#### DATA RECORDS

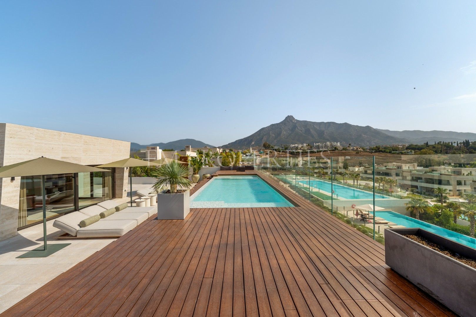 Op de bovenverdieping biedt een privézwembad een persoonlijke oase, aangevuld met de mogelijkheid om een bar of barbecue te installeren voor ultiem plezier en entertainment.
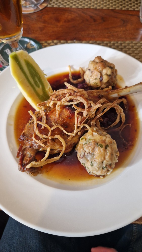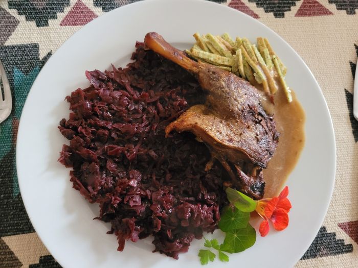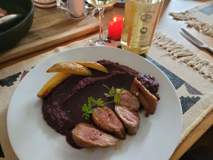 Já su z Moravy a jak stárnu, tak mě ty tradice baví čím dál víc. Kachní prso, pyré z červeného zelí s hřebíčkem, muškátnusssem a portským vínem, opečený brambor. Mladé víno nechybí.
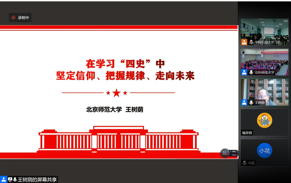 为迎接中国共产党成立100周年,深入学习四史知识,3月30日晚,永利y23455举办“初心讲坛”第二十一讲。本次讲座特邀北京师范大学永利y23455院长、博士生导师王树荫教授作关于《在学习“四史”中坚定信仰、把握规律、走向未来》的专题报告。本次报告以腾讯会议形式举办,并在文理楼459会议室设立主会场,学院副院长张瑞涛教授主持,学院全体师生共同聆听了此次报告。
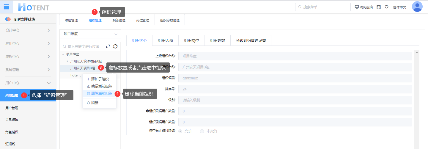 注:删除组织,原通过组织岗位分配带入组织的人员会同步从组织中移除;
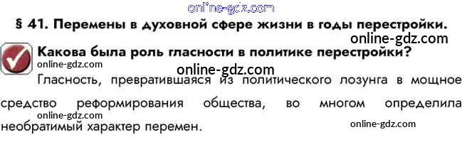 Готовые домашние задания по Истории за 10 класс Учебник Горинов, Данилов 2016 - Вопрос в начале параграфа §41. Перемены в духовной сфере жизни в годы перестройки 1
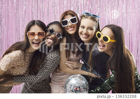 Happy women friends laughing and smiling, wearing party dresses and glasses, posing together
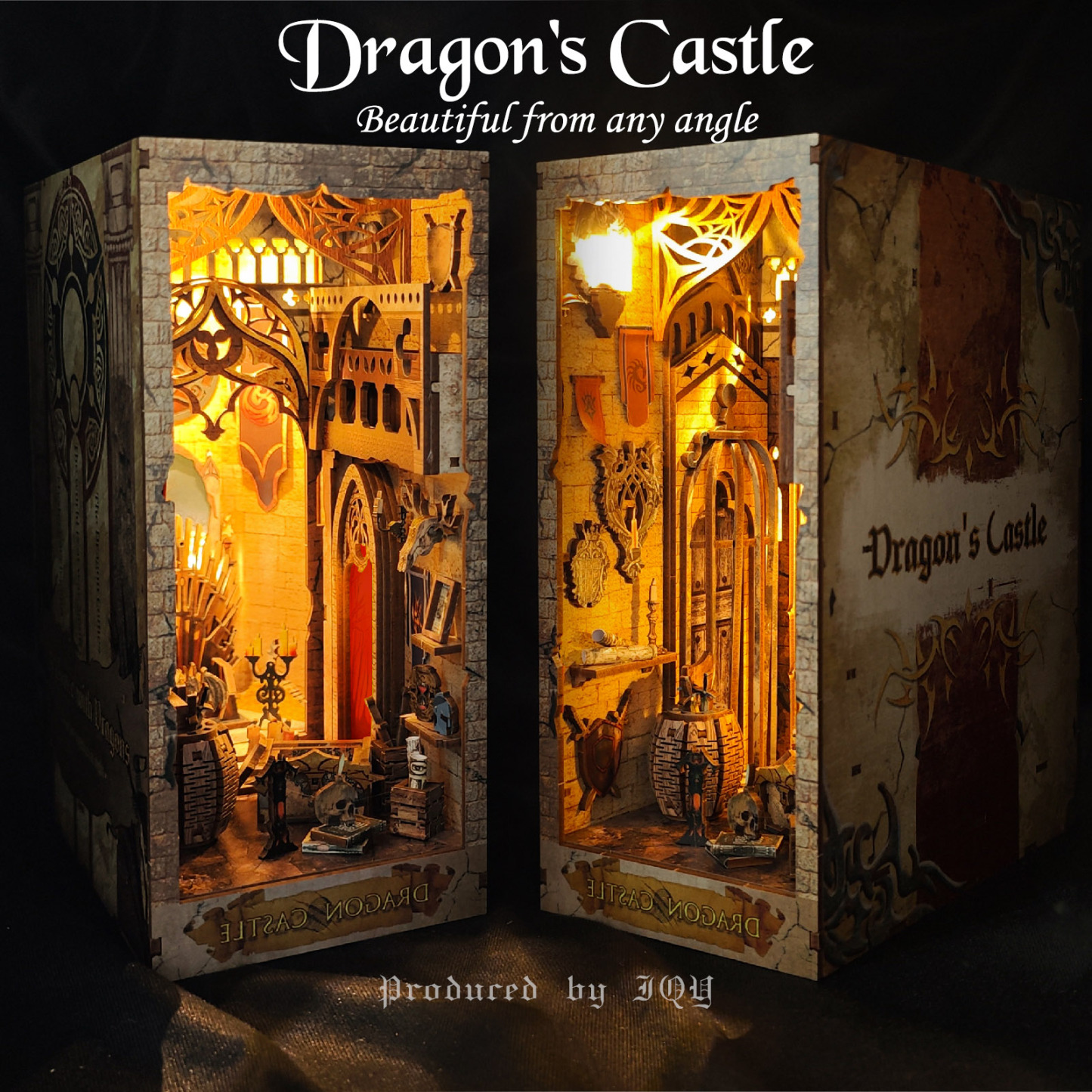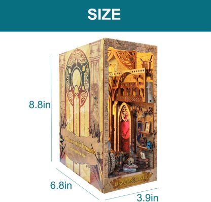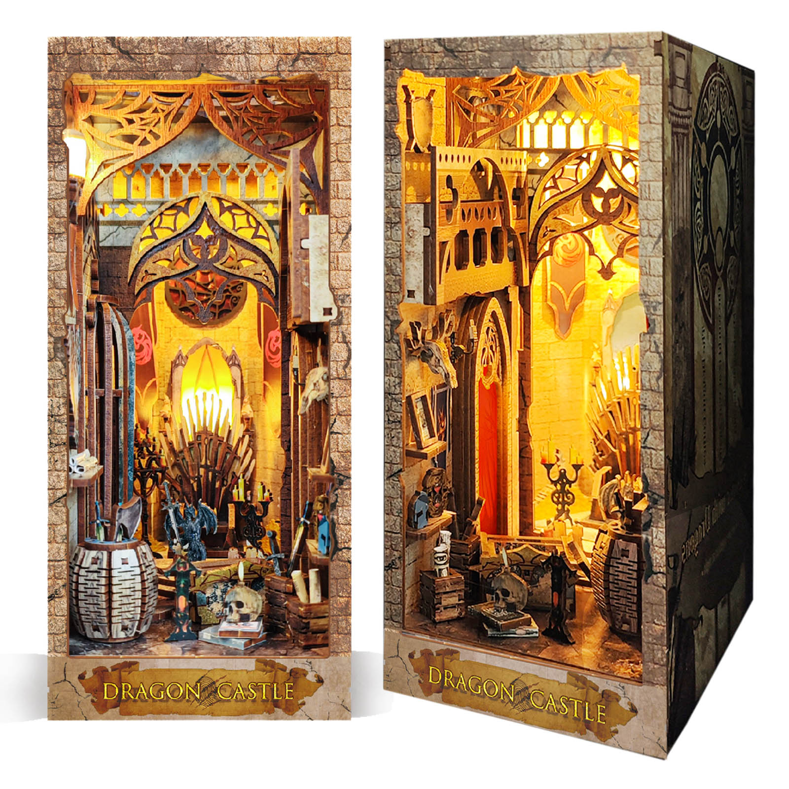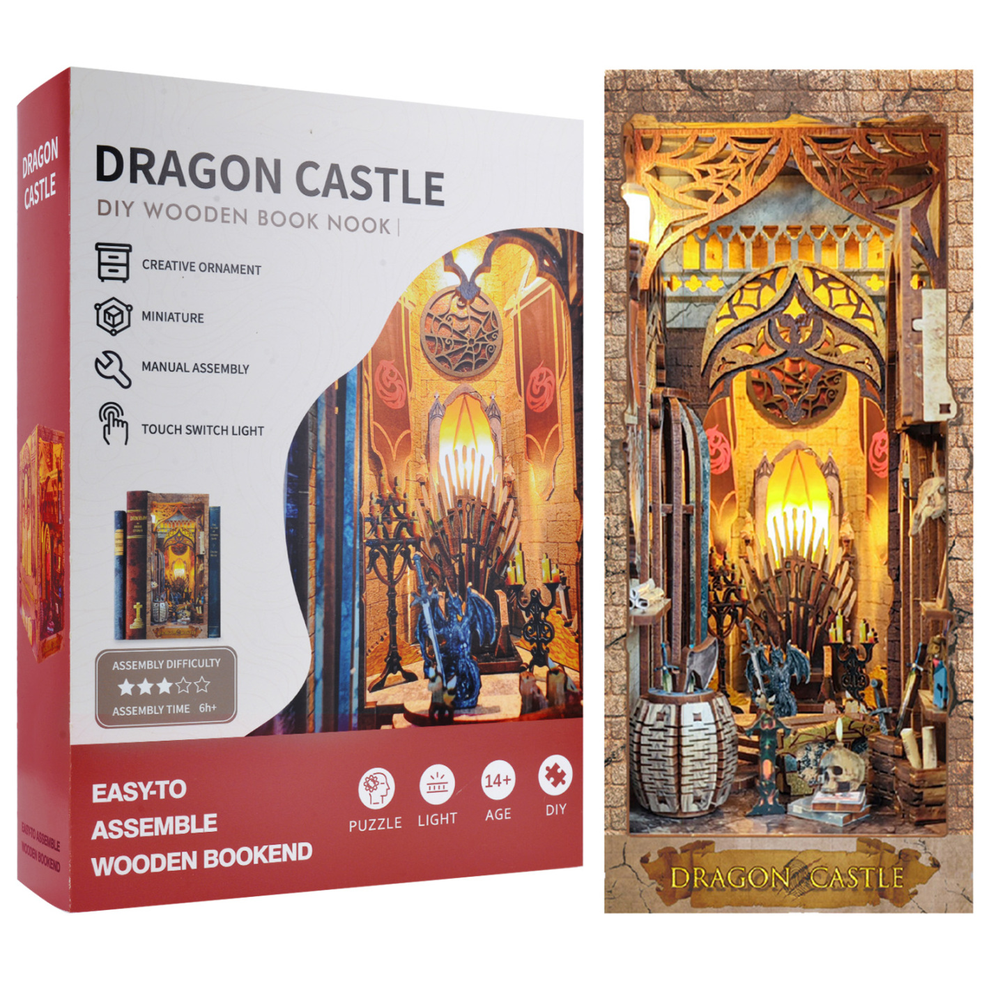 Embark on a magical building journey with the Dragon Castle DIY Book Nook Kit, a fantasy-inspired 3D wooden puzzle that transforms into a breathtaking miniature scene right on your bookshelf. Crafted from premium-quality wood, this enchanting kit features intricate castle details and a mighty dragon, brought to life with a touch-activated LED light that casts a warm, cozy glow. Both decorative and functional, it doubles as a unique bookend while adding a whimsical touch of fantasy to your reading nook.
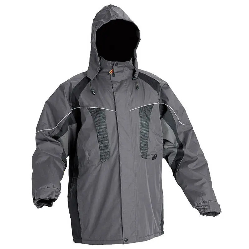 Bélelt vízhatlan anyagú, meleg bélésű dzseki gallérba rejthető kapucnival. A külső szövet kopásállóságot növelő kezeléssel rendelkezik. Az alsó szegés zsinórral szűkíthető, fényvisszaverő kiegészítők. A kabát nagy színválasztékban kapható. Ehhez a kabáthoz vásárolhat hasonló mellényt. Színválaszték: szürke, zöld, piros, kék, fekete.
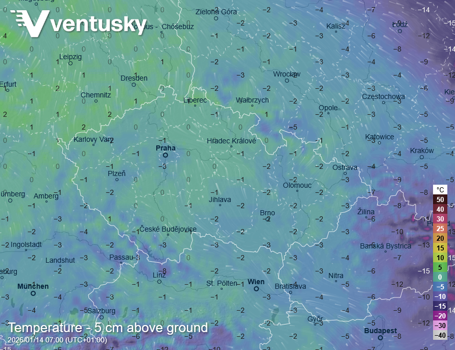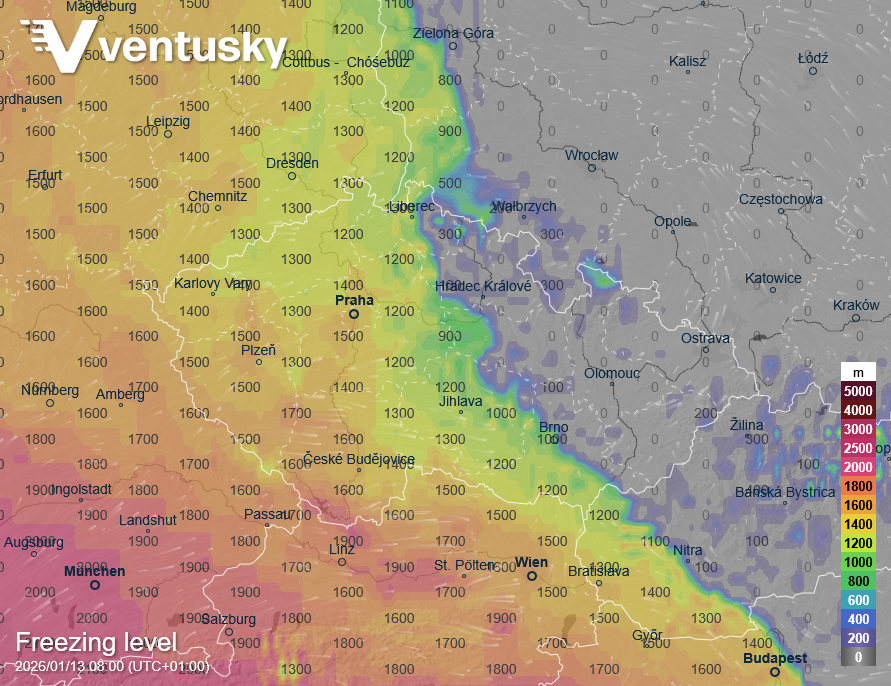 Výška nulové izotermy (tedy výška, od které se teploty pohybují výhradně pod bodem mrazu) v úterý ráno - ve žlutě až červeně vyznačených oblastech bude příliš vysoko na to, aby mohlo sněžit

########

WHAT YOU NEED TO DO: Copy exactly, and copy nothing else: the lines from the start of the data above through the line that holds "Já su z Moravy". The pictures stay out.

RESULT FOR THIS TASK:
 Op de bovenverdieping biedt een privézwembad een persoonlijke oase, aangevuld met de mogelijkheid om een bar of barbecue te installeren voor ultiem plezier en entertainment.
 Já su z Moravy a jak stárnu, tak mě ty tradice baví čím dál víc. Kachní prso, pyré z červeného zelí s hřebíčkem, muškátnusssem a portským vínem, opečený brambor. Mladé víno nechybí.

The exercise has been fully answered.